Apogee Therapeutics has secured a promise of up to $1.3 billion in financing from Blackstone Life Sciences (BXLS) as the biotech gears up to take its anti-IL-13 antibody into phase 3.
The eczema drug, called zumilokibart, produced mid-stage data earlier this year that analysts suggested showed the therapy could hold its own against Eli Lilly’s Ebglyss and Sanofi and Regeneron’s Dupixent, based on cross-trial comparisons.
But to take the drug into pivotal trials and onto the market, Apogee—which had $1.3 billion in the bank at the end of March—needs even more cash.
The deal with BXLS could see the private equity investment firm provide up to $800 million in exchange for low-to-mid single digit tiered royalties on zumilokibart sales for 15 years. Of this tranche, Apogee can get $100 million straight away, with another $100 million available when phase 3 enrollment is completed and a further $200 million unlocked if the data from that trial is up to scratch.
The remaining $400 million is held back by BXLS until zumilokibart can secure FDA approval, according to an April 27 release.
On top of those milestone-related payments, the agreement with BXLS also includes access to up to $500 million of senior corporate debt if agreed by both parties. In total, the firm described the deal as comprising the “largest royalty financing for a pre-phase 3 program to date.”
Apogee CEO Michael Henderson, M.D., said the deal “provides non-dilutive flexible funding at an attractive cost of capital for the late-stage development of zumilokibart and establishes a path to commercialization and profitability for Apogee.”
“Our partnership with Blackstone Life Sciences represents a major milestone in the advancement of zumilokibart as the next meaningful first-line therapy for moderate-to-severe atopic dermatitis,” Henderson added.
The CEO also pointed to fresh data from the second part of the phase 2 study that he said showed zumilokibart “has the potential to be a transformative therapy for patients with differentiated efficacy and dosing in atopic dermatitis and other large I&I indications.”
The data, unveiled alongside the Blackstone agreement, showed that 65.9% of patients treated with mid-dose zumilokibart experienced a 75% or greater reduction in the size and severity of their eczema at 16 weeks.
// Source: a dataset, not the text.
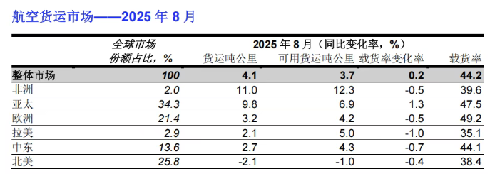 航空货运运营环境的重要指标变化 智通财经APP获悉,近日,国际航空运输协会(IATA,以下简称"国际航协")发布2025年8月全球航空货 运定期报告。全球航空货运总需求,按照货运吨公里(CTK)同比2024年8月增长4.1%(国际需求增长 5.1%)。航空货运运力(可用货运吨公里,ACTK)同比2024年8月增长3.7%(国际运力增长5.5%)。 北美航空公司8月航空货运需求同比下降2.1%,在所有地区中增长最慢。运力同比下降1.0%。 欧洲航空公司8月航空货运需求同比增长3.2%。运力同比增长4.2%。 1. 7月全球货运贸易同比增长5.4%。 2. 8月航油价格同比下降6.4%,连续14个月出现同比下降。 3. 8月全球制造业前景乐观,采购经理人指数反弹至51.75,为2024年6月以来的最高水平。然而,对新 出口订单的信心仍低于50荣枯线,为48.73,显示出在关税不确定性下持续保持谨慎。 国际航协理事长威利·沃尔什先生(WillieWalsh)表示:"8月航空货运需求增长4.1%,连续六个月实现同 比增长。即使全球贸易模式发生变化,货运量仍在继续增长。随着托运人试图将关税变化的风险降至最 低,部分高价 ...

The results hit the study’s primary endpoint and justified Apogee’s plan to take this dose into phase 3.
Apogee has big plans beyond eczema, with Henderson affirming this morning that phase 2 studies in eosinophilic esophagitis and asthma are penciled in for the second half of 2026 and the first half of 2027, respectively.
BXLS Global Head Nicholas Galakatos said the investment firm is “excited to support Apogee’s advancement of zumilokibart through phase 3 development and potential commercialization.”
“Our collaboration with Apogee is a great example of our strategy to provide leading biotechnology companies with non-dilutive financing at scale and the resources and flexibility to further scientific innovation and invest in the advancement of their pipelines,” Galakatos added.
This strategy saw BXLS agree to a $250 million investment earlier this month for Anagram Therapeutics to develop its oral recombinant enzyme replacement therapy for pancreatic insufficiency. The firm also signed off on $400 million in March to help Teva advance its Sanofi-partnered bowel disease drug, and it pledged $700 million last year to support Merck & Co.’s plans for its TROP2-directed antibody-drug conjugate sac-TMT.